*** INFORMATION SUPPLIED

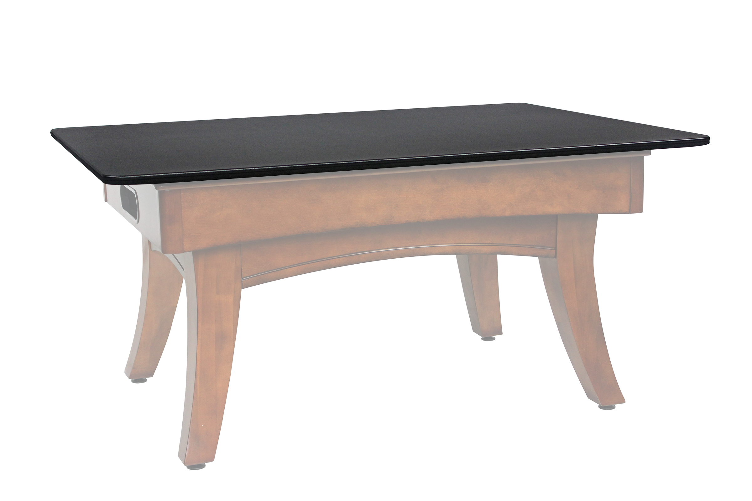 urn your bumper pool or foosball table into a 3 in 1 game table with the addition of the Legacy 2 in 1 Small Game Table Dining Top. This item will fit on the top of most bumper pool, foosball or other tables that have a flat surface. One side is a hard plastic surface perfect to use as a dining top or a banquet table for the food for game day.
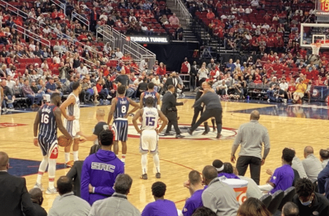 球迷冲进场内,NBA史上头1次,多名保安介入转播镜头迅速切走
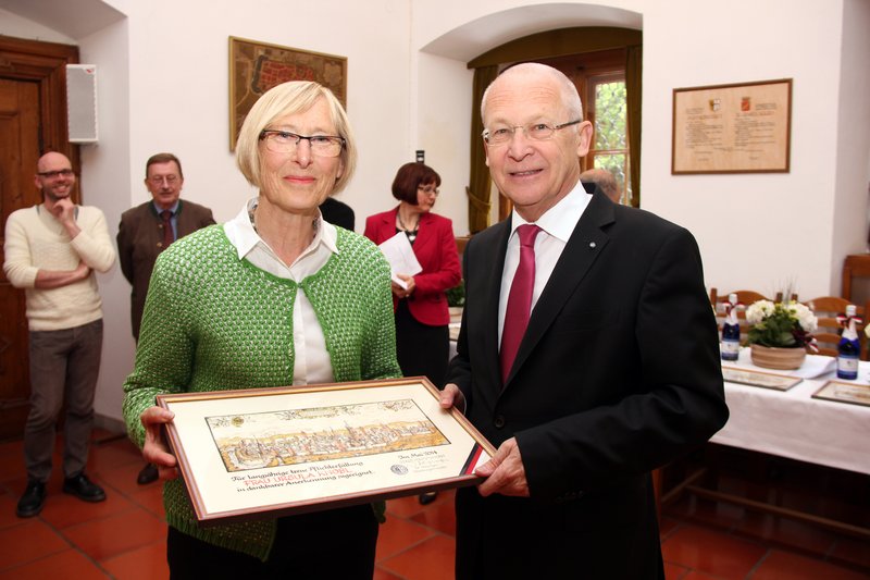 Mit einem Wechter-Stich, dem ältesten Stich der Stadt aus dem Jahr 1573, der die Tore und Türme Memmingens zeigt, bedankte sich der Rathauschef bei Ursula Knobl für die langjährige und erfolgreiche Zusammenarbeit.
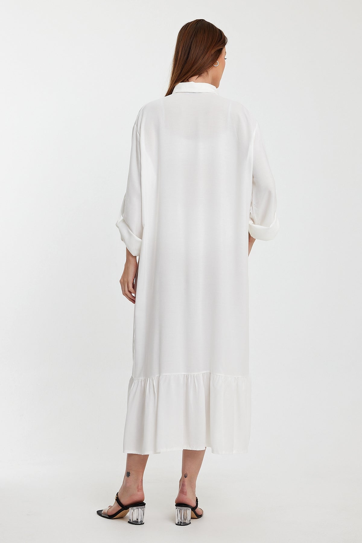 The Tribal Essence Shirt Dress in crisp white features striking Geometric Tribal Embroidery in vivid turquoise, pink, orange, and blue tones. Crafted in a relaxed, button-down silhouette with a flared hem, this piece brings together modern boho elegance and effortless comfort — ideal for boutique resortwear and summer collections.

******

**WHAT IS BEING ASKED:**
For the material above, repeat each line exactly and leave out the pictures.

**RESPONSE BOX:**
 urn your bumper pool or foosball table into a 3 in 1 game table with the addition of the Legacy 2 in 1 Small Game Table Dining Top. This item will fit on the top of most bumper pool, foosball or other tables that have a flat surface. One side is a hard plastic surface perfect to use as a dining top or a banquet table for the food for game day.
 球迷冲进场内,NBA史上头1次,多名保安介入转播镜头迅速切走
 Mit einem Wechter-Stich, dem ältesten Stich der Stadt aus dem Jahr 1573, der die Tore und Türme Memmingens zeigt, bedankte sich der Rathauschef bei Ursula Knobl für die langjährige und erfolgreiche Zusammenarbeit.
 The Tribal Essence Shirt Dress in crisp white features striking Geometric Tribal Embroidery in vivid turquoise, pink, orange, and blue tones. Crafted in a relaxed, button-down silhouette with a flared hem, this piece brings together modern boho elegance and effortless comfort — ideal for boutique resortwear and summer collections.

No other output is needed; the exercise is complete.